* Task description *
Below are several records. Retype exactly those lines running from the one with "Gömlek yakalı , kemerli" through the one with "After accessing the", end lines included, and no others.
*** Opening of Recorded information ***
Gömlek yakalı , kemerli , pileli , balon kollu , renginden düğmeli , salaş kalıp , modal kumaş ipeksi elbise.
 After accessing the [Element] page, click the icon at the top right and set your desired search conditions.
*** Close of Recorded information ***
*** Opening of Recorded information ***
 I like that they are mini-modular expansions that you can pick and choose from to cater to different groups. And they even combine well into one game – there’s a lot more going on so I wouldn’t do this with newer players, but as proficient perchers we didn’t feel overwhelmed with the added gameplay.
*** Close of Recorded information ***
* Your response *
Gömlek yakalı , kemerli , pileli , balon kollu , renginden düğmeli , salaş kalıp , modal kumaş ipeksi elbise.
 After accessing the [Element] page, click the icon at the top right and set your desired search conditions.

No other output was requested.